Os cabos para instalações FV são usados nas interligações de painéis, sub-arranjos e caixas de junção. Transportam corrente contínua e são aplicados principalmente em instalações externas, fixados em suportes, bandejas, leitos, dutos ou ao ar livre, sujeito às intempéries. Portanto, devem atender requisitos de resistência à radiação ultravioleta e serem não propagantes de fogo, sendo desejável também que sejam livres de halogênio. Os requisitos de influências externas garantem bom desempenho das conexões ao longo de toda a vida útil.

Requisitos do circuito de aplicação

O circuito de aplicação é a instalação consumidora propriamente dita, que pode ser em corrente alternada — utilizando para isso um inversor, até mesmo para possibilitar injeção da energia excedente na rede pública, dado o caso — ou corrente contínua, que pode ser realidade no futuro.

Esta parte da instalação está praticamente coberta pela NBR 5410, sendo necessários, para a próxima revisão, pequenos ajustes para abranger o avanço da geração FV no País. Por exemplo, é necessário considerar a possibilidade de circuitos de distribuição em corrente contínua — a norma brasileira de instalações elétricas trata vagamente desse assunto. Atualmente, vários equipamentos são alimentados internamente em corrente contínua, exigindo componentes de conversão de corrente alternada em contínua, como lâmpadas LED, notebook, desktop, celulares, aparelhos de televisão, instrumentos de medidas, etc. Embora a NBR 5410 ainda não apresente requisitos particulares de forma detalhada, a atual edição contém requisitos gerais, sendo aplicada aos circuitos elétricos alimentados sob tensão nominal igual ou inferior a 1500 V em corrente contínua.

Principalmente nas instalações FV de pequeno porte, destinadas a alimentar uma edificação, substituindo ou complementando a alimentação pela rede pública de distribuição de energia elétrica, alguns aspectos devem ser ressaltados como requisitos dos circuitos de aplicação. O primeiro é que o gerador FV é uma fonte. Embora isto esteja implícito, muitas vezes não são consideradas as prescrições de segurança relativas a fontes na conexão do circuito do arranjo (gerador FV) com o circuito de aplicação.

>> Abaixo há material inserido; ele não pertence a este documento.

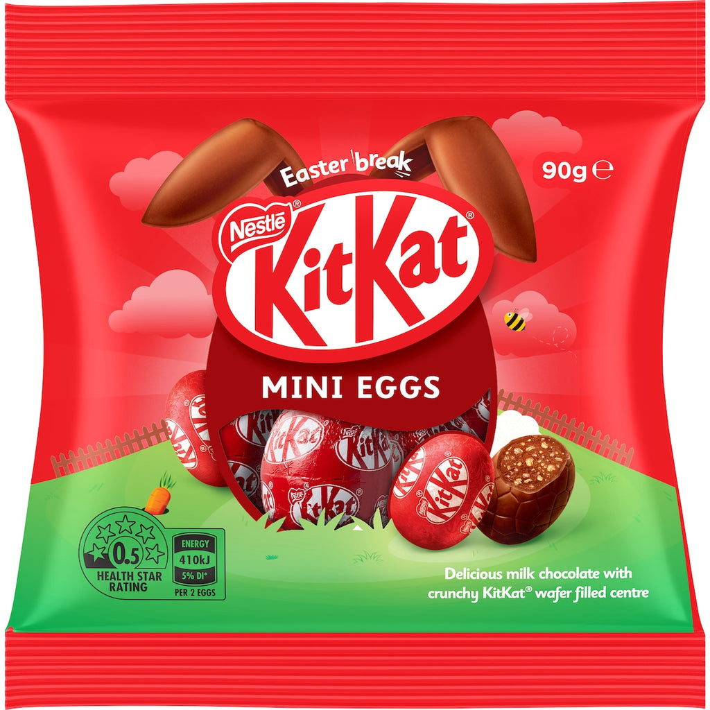 Have a break this Easter! This bag is filled with individually wrapped KitKat Easter Eggs – Delicious milk chocolate eggs containing smooth praline with crushed KitKat wafer pieces. Perfect for your egg hunt, or just as a gift to family and friends.
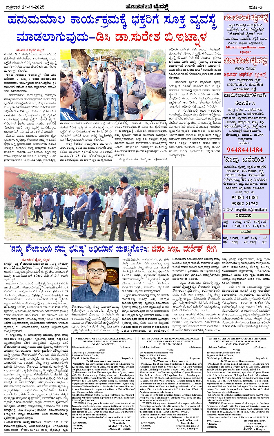 ಮಾಧ್ಯಮ ಅಕಾಡೆಮಿ ಪ್ರಶಸ್ತಿ ಪುರಸ್ಕೃತ 'ಹೊಸಪೇಟೆ ಟೈಮ್ಸ್' Page: 3 November 21, 2025 << First << 3 >> Last >> Page 1Page 2Page 3Page 4 × ಮಾಧ್ಯಮ ಅಕಾಡೆಮಿ ಪ್ರಶಸ್ತಿ ಪುರಸ್ಕೃತ 'ಹೊಸಪೇಟೆ ಟೈಮ್ಸ್' HPT-21112025--4-page-001HPT-21112025--4-page-002HPT-21112025--4-page-003HPT-21112025--4-page-004 << First << 3 >> Last >> HPT-21112025--4-page-001HPT-21112025--4-page-002HPT-21112025--4-page-003HPT-21112025--4-page-004 HPT-21112025--4-page-003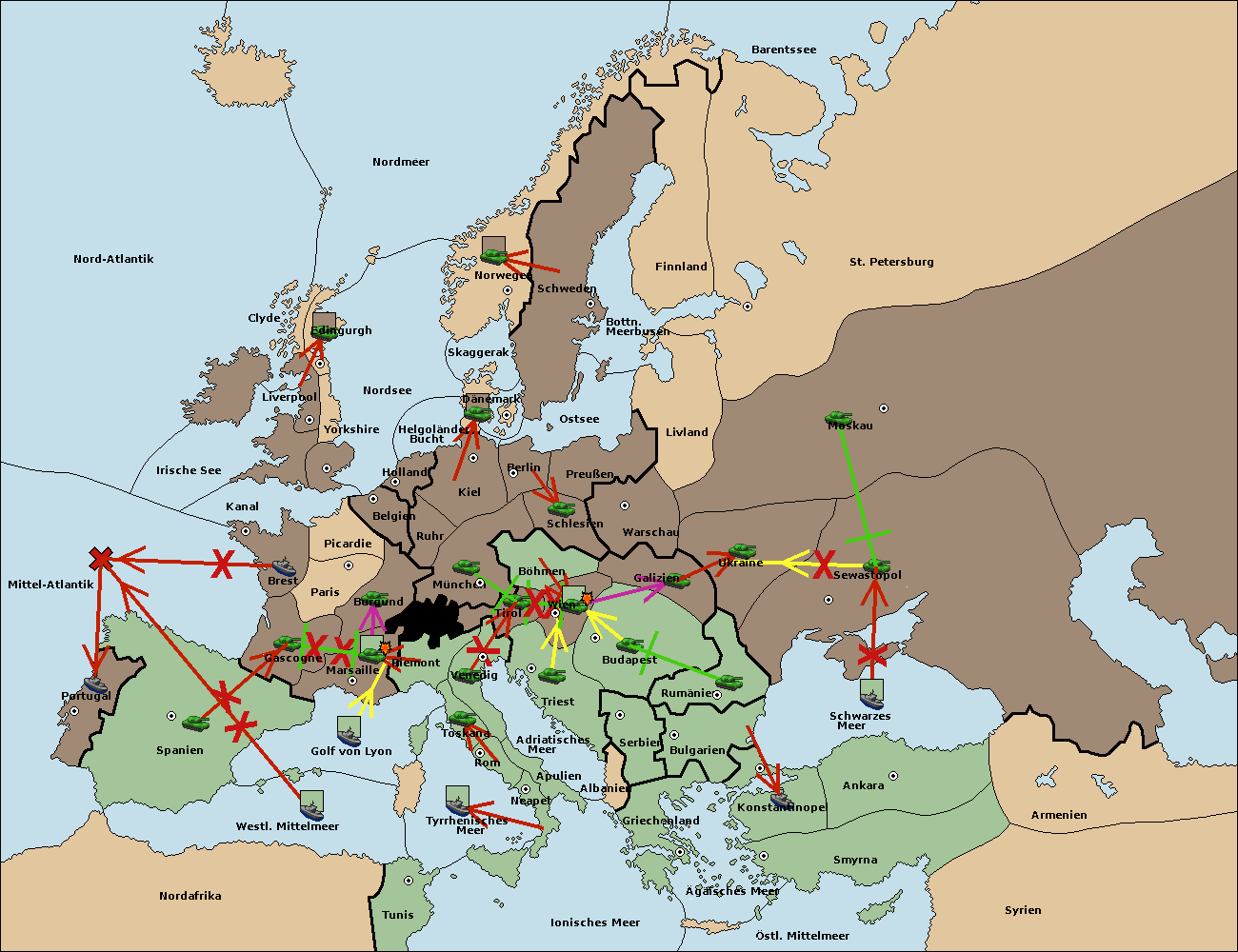 • Die Armee in Sewastopol support move nach Ukraine von Galizien. (gescheitert)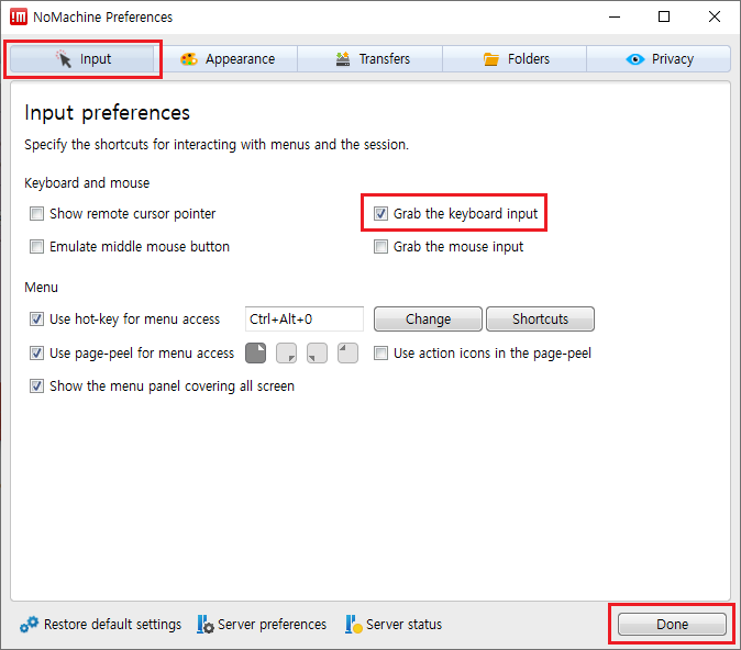 27. Input 탭을 선택하고, Keyboard and mouse 항목의 Grab the keyboard input을 체크합니다. 이 기능은 원격 컴퓨터에서 특수 키 입력을 지원하는 옵션입니다.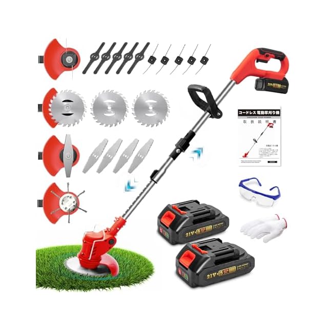 【パッケージ内容物】コードレ刈払機本体×1、21Vリチウムイオンバッテリー×2、急速充電器×1、各種交換刃セット(5種類、計18個)、補助ハンドル、保護メガネ、耐切断プロテクショングローブ×1組、取扱説明書(日本語版)簡単に収納:新型芝刈り機は簡単に折り畳んで収納でき、折り畳んだ後の体積は:59*15*14.5 cmである。従来モデルよりも体積が半分小さくなっています。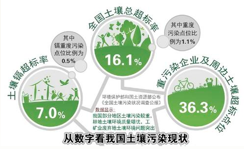 一、土壤污染現(xiàn)狀。2005年4月-2013年12月,環(huán)保部與國土資源部首次開展了全國土壤污染狀況調(diào)查,根據(jù)2014年《全國土壤污染狀況調(diào)查公報》調(diào)查結(jié)果顯示,我國當前的土壤污染超標率達到16.1%,并且耕地污染超標率達到19.4%,林地及草地的污染超標率高于10.0% 以上。2016年5月28日,國務院印發(fā)了《土壤污染防治行動計劃》,簡稱"土十條"。"土十條"的發(fā)布被認為是土壤修復事業(yè)的里程碑事件。隨著"土十條"的發(fā)布,國家陸續(xù)出臺了一系列法律法規(guī)及政策文件,如:《污染地塊土壤環(huán)境管理辦法(試行)》(2017年7月1日施行)、《農(nóng)用地土壤環(huán)境管理辦法(試行)》(2017年11月1日施行)、《工礦用地土壤環(huán)境管理辦法(試行)》(2017年12月17日完成第一次征求意見)等等。這預示著土壤污染同大氣污染及水污染的防治同樣重要,土壤污染修復工作的開展,將減緩當前土壤環(huán)境惡化的加劇,為推進生態(tài)文明建設,加快建設美麗中國添磚加瓦。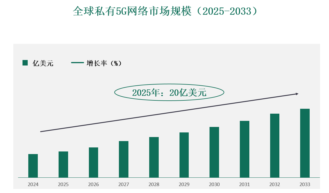 2025年全球私有5G网络市场规模估计为20亿美元,预计到2033年将达到360.8亿美元。

Um módulo FV é uma fonte com uma corrente de curto-circuito baixa. Esta característica, embora seja favorável na instalação no circuito do gerador FV, dificulta a proteção contra choques por contato indireto. A baixa corrente pode não ser suficiente para sensibilizar um disjuntor ou fusível no seccionamento automático da alimentação em esquemas de aterramento TN. Pode ser necessária a utilização de dispositivos DR na proteção supletiva, a exemplo do esquema TT, que também apresenta corrente de falta de baixa magnitude. Esta condição pode ser mais facilmente detectada em uma instalação nova; já na implantação de um gerador pequeno em uma instalação existente, tal situação pode passar despercebida, eliminando a proteção contra choques.

Conclusão

O atendimento da NBR 5410 já é de grande valia para a segurança de um projeto e instalação de sistemas FV, tanto nos circuitos do gerador quanto nos circuitos de aplicação. O maior problema é a interpretação incorreta das prescrições da norma geral. Enquanto não é publicada pela ABNT a norma de requisitos particulares para instalações FV, uma solução é utilizar a norma internacional IEC 62548, que é a base da futura norma brasileira.